Separation membranes with underliquid dual superlyophobicity have recently caused widespread concern due to their switchable separation of oil-water mixtures and emulsions. However, the fabrication of the reported underliquid dual superlyophobic membranes is difficult, and the design of the underliquid dual superlyophobic surface of these membranes is challenging because of their complex surface composition. Theoretically, underliquid dual superlyophobicity is an underliquid Cassie state attainable by the synergy of the underliquid dual lyophobic surface and the construction of a high-roughness surface. Herein, we fabricated an underliquid dual superlyophobic membrane by combining underliquid dual lyophobic polyvinylidene fluoride (PVDF) and TiO₂ nanowires. PVDF-modified TiO₂ nanowire membranes with underliquid dual superlyophobicity were prepared via a simple adsorption and filtration approach.

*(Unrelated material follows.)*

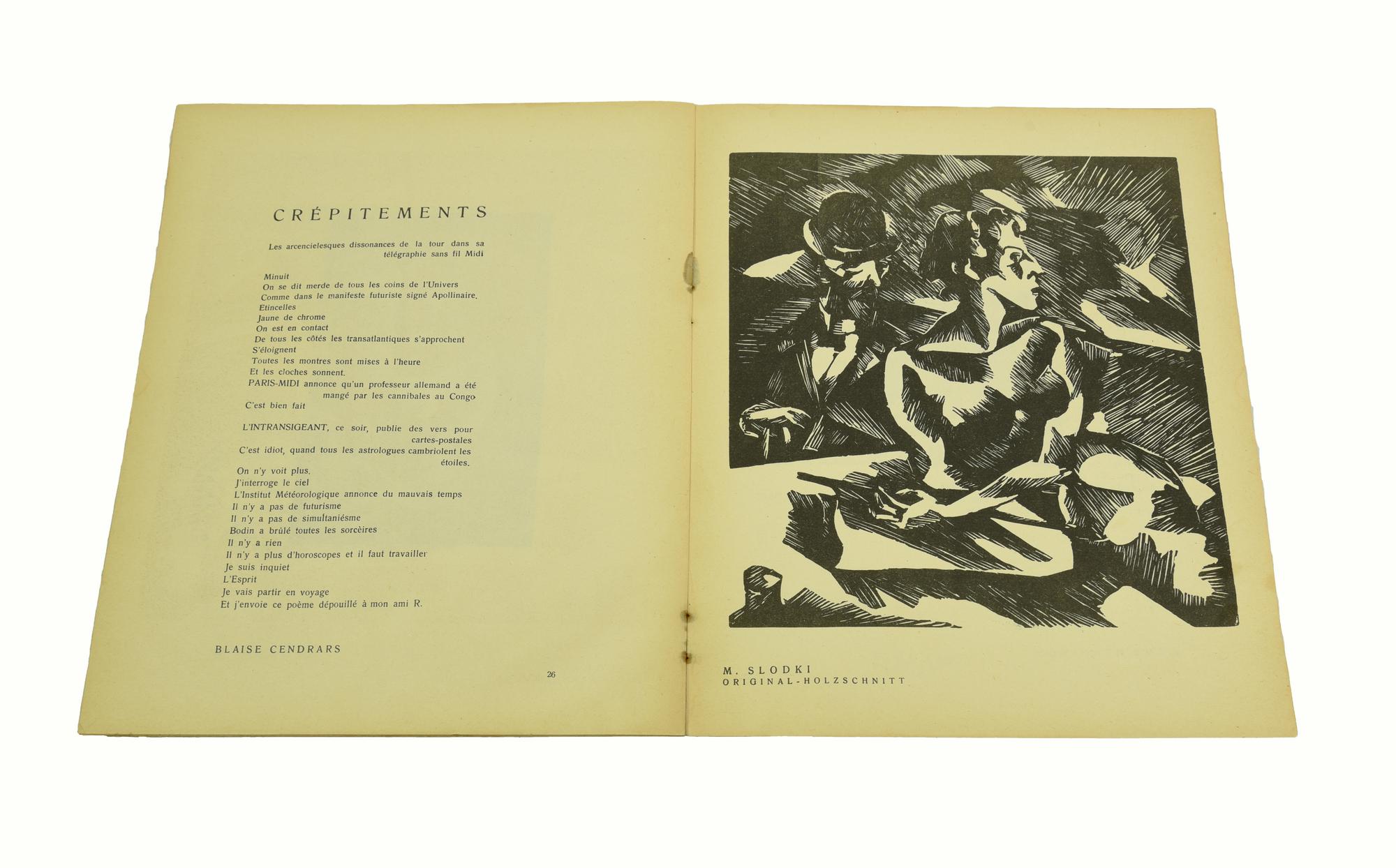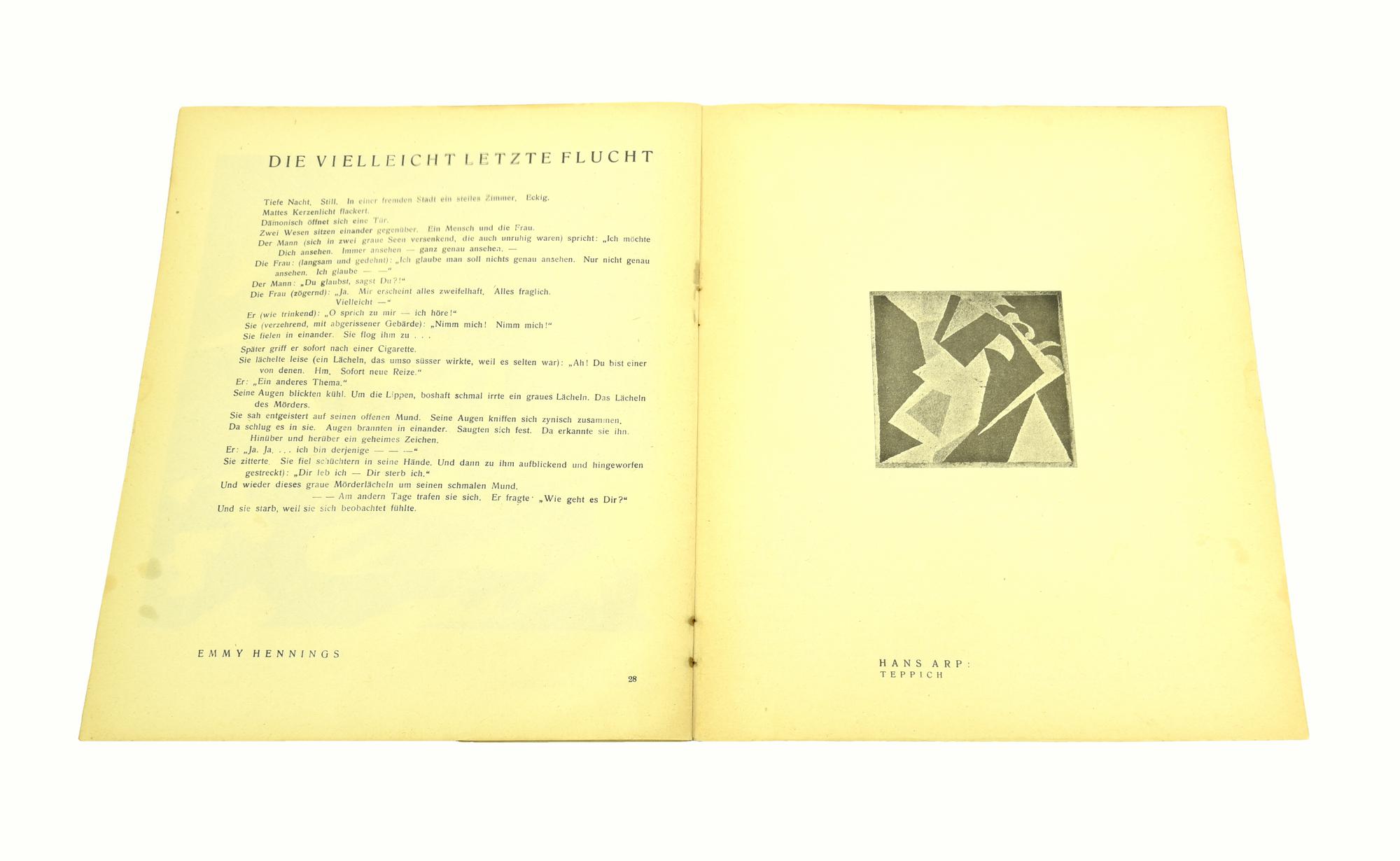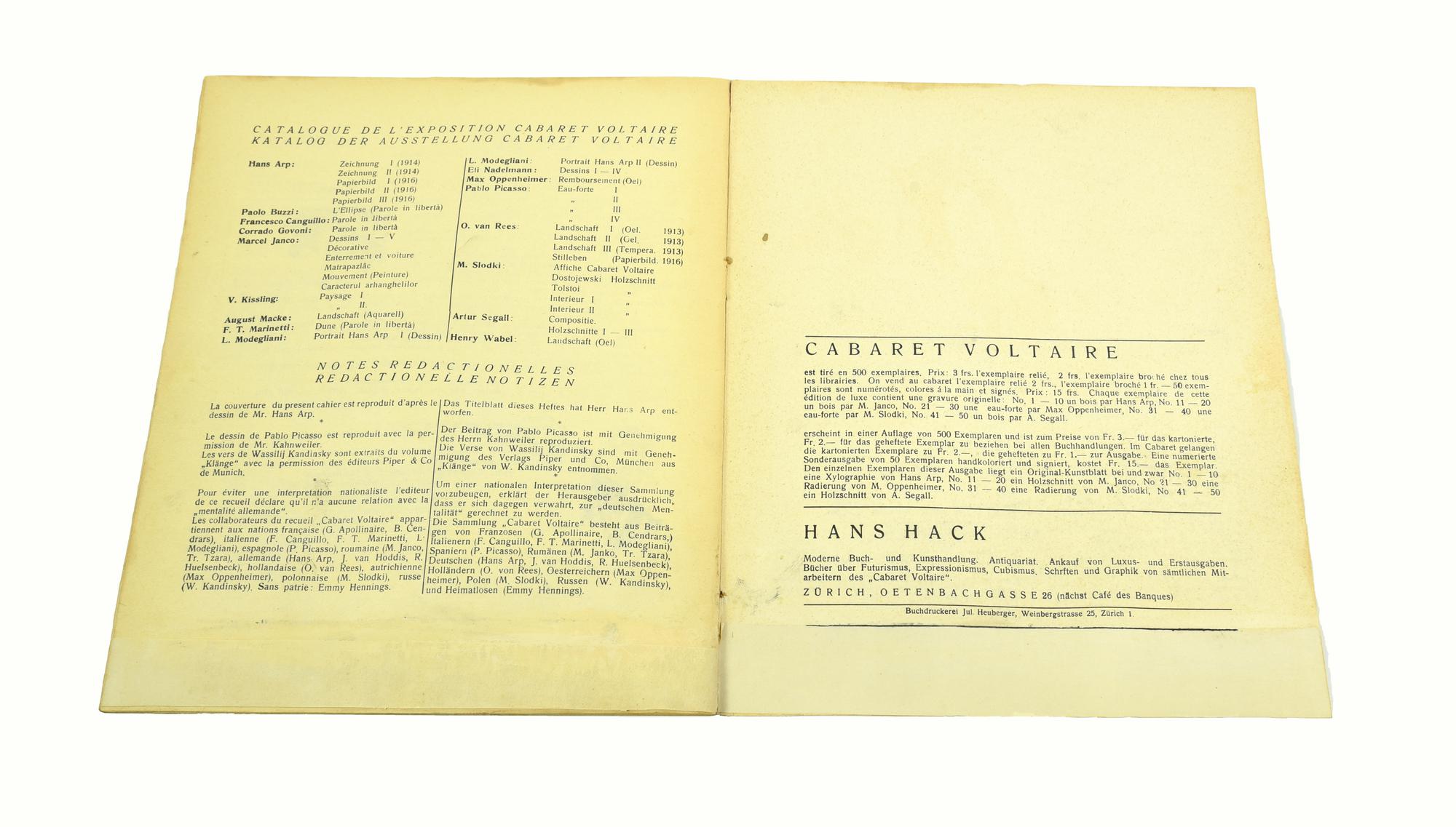 La copertina è illustrata da un disegno di Arp, tirato su fondo di carta laminata, color rame. Edizione originale dell'unico numero di questa raccolta letteraria e artistica pubblicata da Hugo Ball a Zurigo nel 1916.

PVDF was coated onto TiO₂ nanowires to form a PVDF layer with a thickness of 6 nm. The PVDF modification provided flexibility to the fragile TiO₂ nanowires membrane and changed its wettability from underwater superoleophobicity/underoil superhydrophilicity to underliquid dual superlyophobicity. The PVDF-modified TiO₂ nanowires membrane efficiently separated both oil-in-water and water-in-oil emulsions. The binary cooperative effect between the TiO₂ nanowires and the coated PVDF layer was responsible for the underliquid dual superlyophobicity.